*What you are asked to do*. Print nothing except the line holding "2. Grip each" and the lines that come after it in the material below, and leave the pictures out.

*Data records*.

###

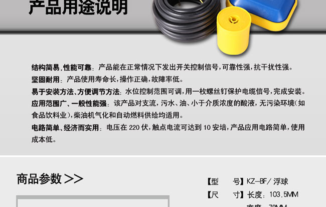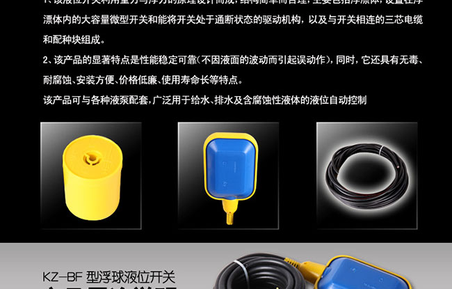 該產(chǎn)品可與各種液泵配套,廣泛用于給水、排水及含腐蝕性液體的液位自動(dòng)控制。
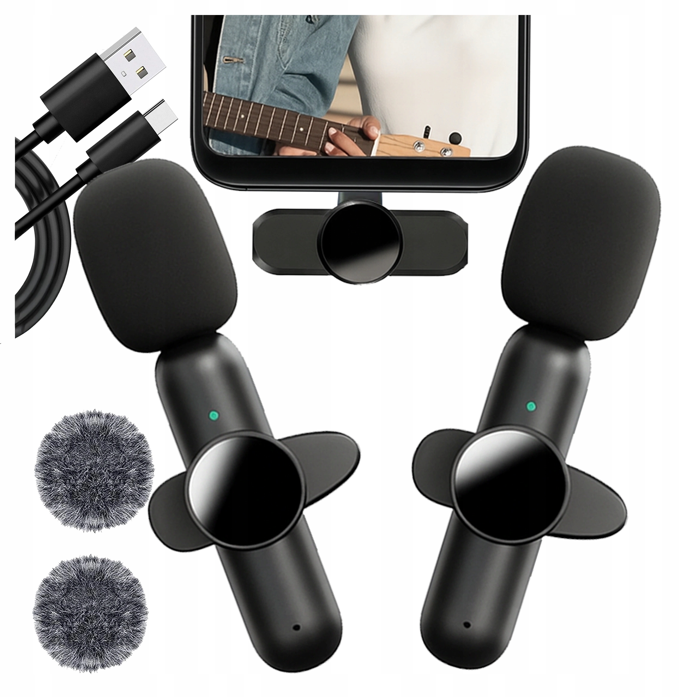 ▶ ️ 2x Tie-Tie-подобный беспроводной микрофон с USB-C Fur-C Black Set h2>
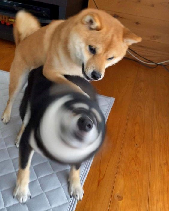 Behold - two Shibas. One is a doggo, and the other is a tornado. One rides the storm, and the other is the storm itself. One woofs, and the other winds.
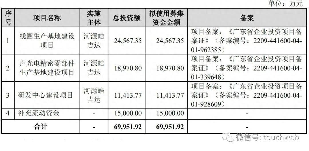 皓吉达计划募资7亿元,其中,2.46亿元用于线圈生产基地建设项目,1.9亿元用于声光电精密零部件生产基地建设项目,1.14亿元用于研发中心建设项目,1.5亿元用于补充流动资金。
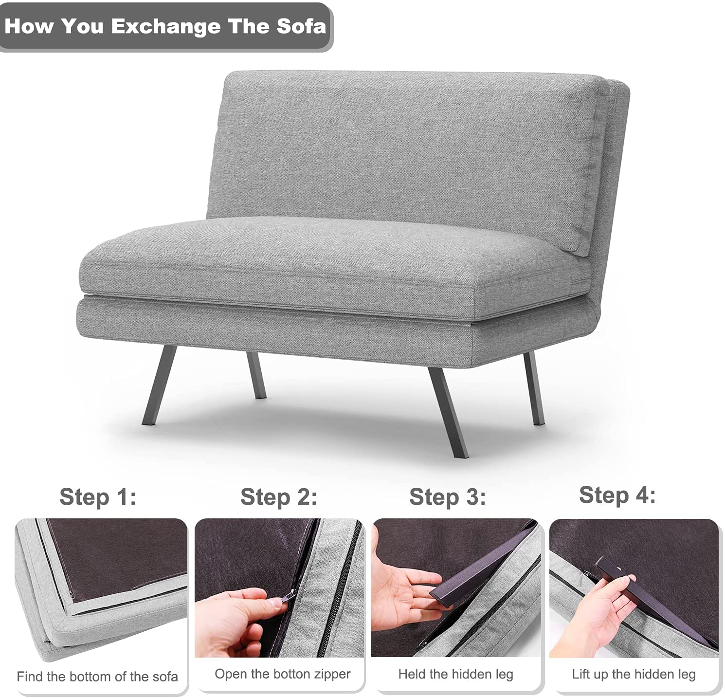 【No Assembly Required】: Modern convertible sleeper chair bed size: 37.6 L x 29.3 D x 16.7 H carrying capacity: 265 lbs/120 kg. The sleeper sofa bed comes with 4 concealed legs that do not require installation and are ready to use after unzipping the zipper. You can also follow our introductory manual and video to use it. If you need any assistance please do not hesitate to contact us.
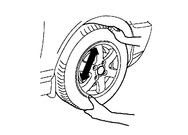 2. Grip each front tire at the top and bottom and move the wheel inward and outward while lifting the weight of the tire off the front wheel bearings.
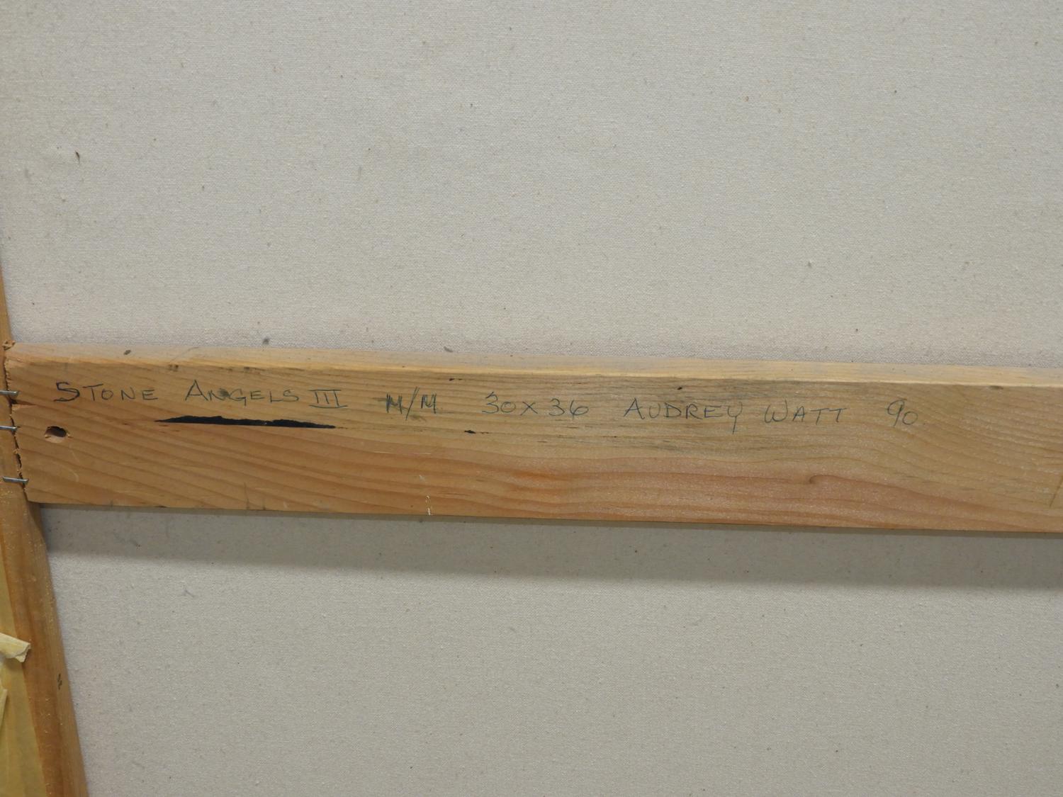 audrey watt mixed media on canvas, 36" x 30", "stone angels iii".
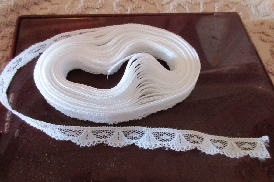 Vit spets, Spetsen har ett mönster med små hål och vågiga kanter.5 meter 1 cm bred
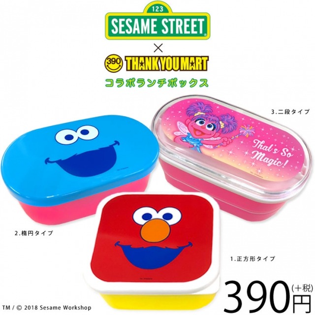 店内全品390円+taxでおなじみのサンキューマートでは、2018年10月1日(月)より、全国サンキューマート・WEBショップにて「セサミストリート」と「サンキューマート」コラボランチグッズを販売開始致します。
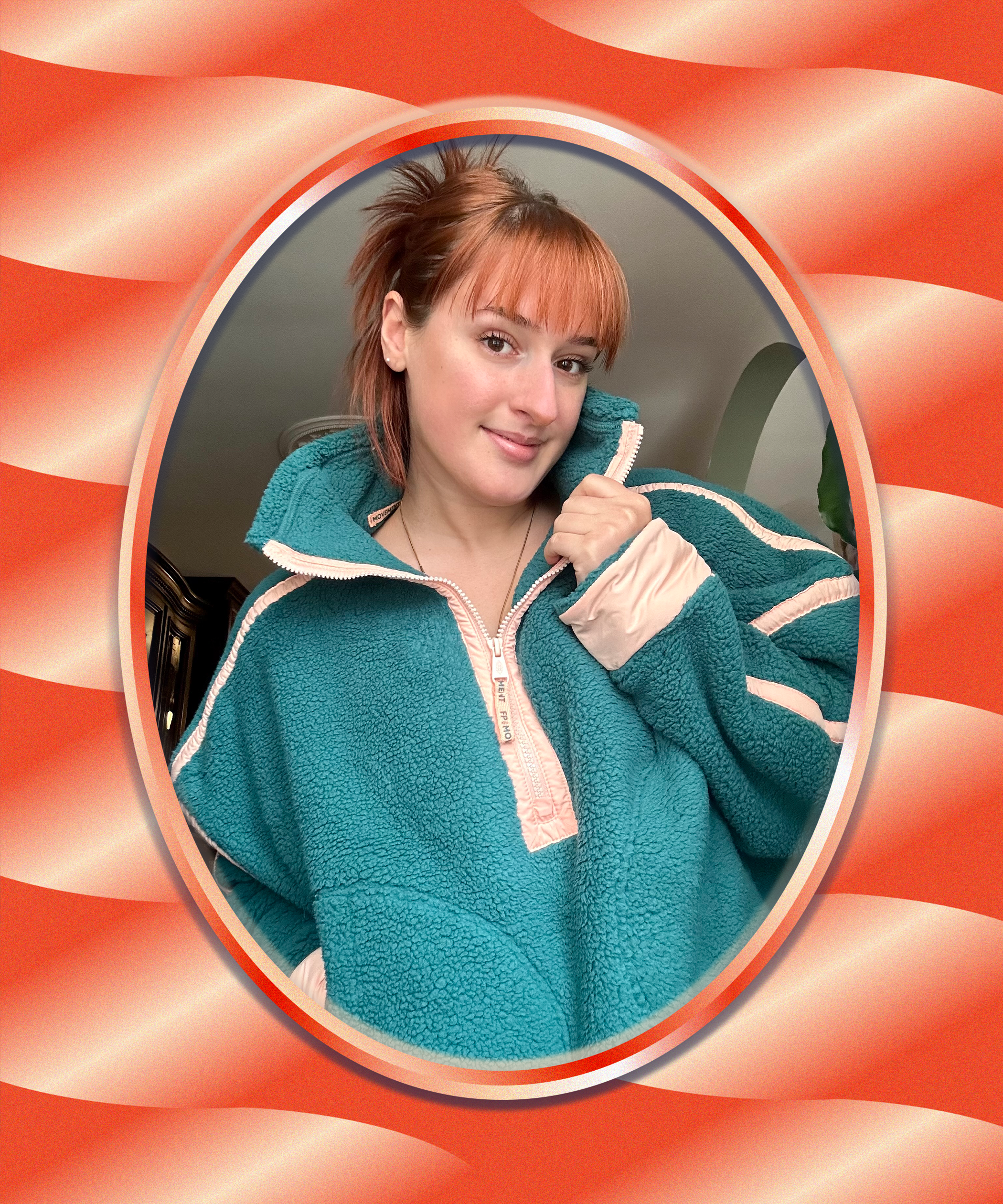 “First off, this color combo is outrageous in the best possible way. I love the unique deep teal green and contrasting soft salmon pink, especially because it isn’t like anything else I own — but it will still easily pair with any of my jeans. The fleece is sooo supremely soft inside and out, as is the ‘puffy’ trim. I usually am between a medium and a large, but I ordered this piece in a size large for extra cozy-comfy vibes. I find it to be very oversized, especially with the dramatic zip-up neckline, so I could have definitely sized down, but I’m not upset about it, especially since I can cinch the waist with the drawcord.” —Victoria Montalti, Associate Affiliate Writer

###

*Output for this task*.
 2. Grip each front tire at the top and bottom and move the wheel inward and outward while lifting the weight of the tire off the front wheel bearings.
 audrey watt mixed media on canvas, 36" x 30", "stone angels iii".
 Vit spets, Spetsen har ett mönster med små hål och vågiga kanter.5 meter 1 cm bred
 店内全品390円+taxでおなじみのサンキューマートでは、2018年10月1日(月)より、全国サンキューマート・WEBショップにて「セサミストリート」と「サンキューマート」コラボランチグッズを販売開始致します。
 “First off, this color combo is outrageous in the best possible way. I love the unique deep teal green and contrasting soft salmon pink, especially because it isn’t like anything else I own — but it will still easily pair with any of my jeans. The fleece is sooo supremely soft inside and out, as is the ‘puffy’ trim. I usually am between a medium and a large, but I ordered this piece in a size large for extra cozy-comfy vibes. I find it to be very oversized, especially with the dramatic zip-up neckline, so I could have definitely sized down, but I’m not upset about it, especially since I can cinch the waist with the drawcord.” —Victoria Montalti, Associate Affiliate Writer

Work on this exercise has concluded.